VI.1 The Reformation and the universities: continuity or change?

Commentary
VI.1 The Reformation and the universities: continuity or change?

The Protestant Reformation of the sixteenth century is the most damaging rupture in the ecclesiastical history of Europe between Great Schism of 1054 (which separated the Roman Catholic from the Eastern Orthodox Churches) and the present day. Of all the great intellectual developments of our period, it is, unquestionably, the one which most directly affected the lives of ordinary people. But did the Reformation represent an equally major rupture in the intellectual history of western and central Europe? Did it transform the manner in which educated Europeans transacted their intellectual business? Or was it comfortably accommodated, for the most part, within the established structures of academic learning?

The division of Europe into deeply entrenched and bitterly antagonistic theological camps massively intensified intellectual debate. The point is not merely that Catholics fought with Protestants. Within the Protestant camp, Lutherans fought just as vigorously with Calvinist. Within the Lutheran camp, theological conflict raged between the death of Luther himself in 1546 and the Concordial movement of the 1570s. Within the Calvinist camp, Arminians and Laudians battled with contra-Remonstrants and Puritans, to say nothing of radical groups such as Anabaptists and Socinians (who denied infant baptism and the Trinity, respectively). These debates quickly spread from theology to include areas of secular scholarship and philosophy, including metaphysics and natural philosophy, ecclesiastical history, political theory, and even cosmology.

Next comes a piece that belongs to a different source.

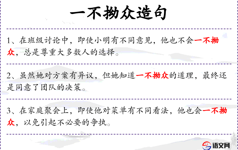 - 使用“一不拗众”体现了礼貌和团队合作的态度,隐含了对集体意见的尊重。
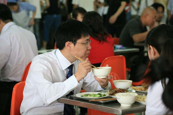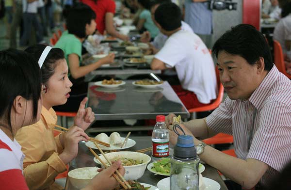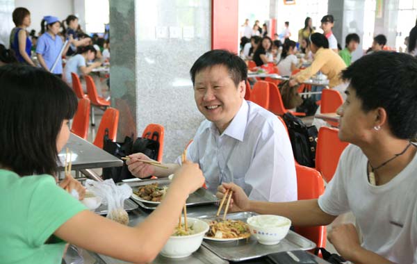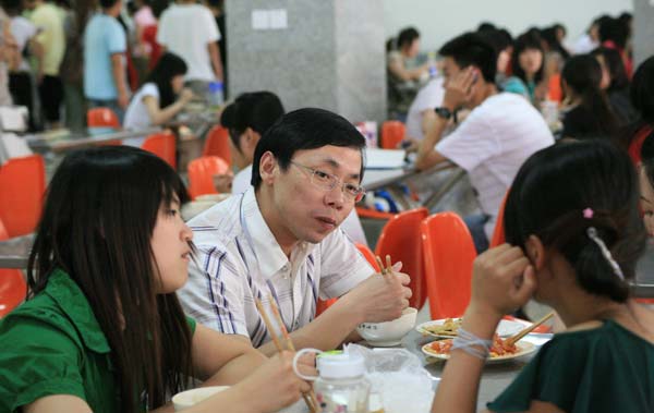 6月2日中午,教育部本科教学工作水平评估专家组一行在结束了一上午的听课、走访之后,来到我院长清校区学生餐厅进行考察。 正值中午就餐时间,专家组成员在各个窗口前与学生一起自觉排队,在进餐的过程中,评估专家与部分学生进行了亲切愉快的交流,他们详细了解了同学们在长清校区的学习情况和生活条件,询问了餐厅的伙食标准和质量。我院良好的就餐秩序、优良的服务和整洁的就餐环境给专家留下了较好的印象。 (供稿:评建办宣传组)

This intensification of debate profoundly altered the tempo of intellectual exchange within Europe; yet viewing this period from the institutional framework of the university suggests continuity more than transformation. Only temporarily did the Reformation threaten to overthrow central features of the university: its longer term impact was to multiply the number of universities and students above all in the German heartland of the Reformation itself. Moreover, once fortified my the new armoury of humanist scholarship, scholastic culture proved perfectly adapted to the extreme disputatiousness of the confessional era. 

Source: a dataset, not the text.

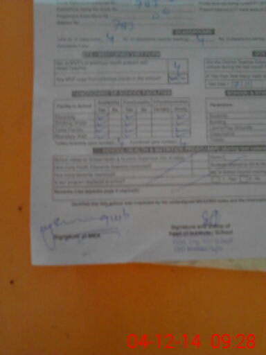 | Attendance Register | Head Teacher | MEA with School | Visit Proof |

Image. 'De zielenvisserij (Fishing for Souls)', 1614; painting by Adriaen Pietersz. van de Venne (c. 1589-1662). Oil on oak; H 98.5 cm (38.7 in); W 187.8 cm (73.9 in). An allegory of the contest between the competing religious denominations during the Twelve Years Truce (1609-1621) between the Dutch Republic and Spain, the painting also symbolises the confessional competition unleashed by the Reformation more generally. Sources: Wikimedia (public domain).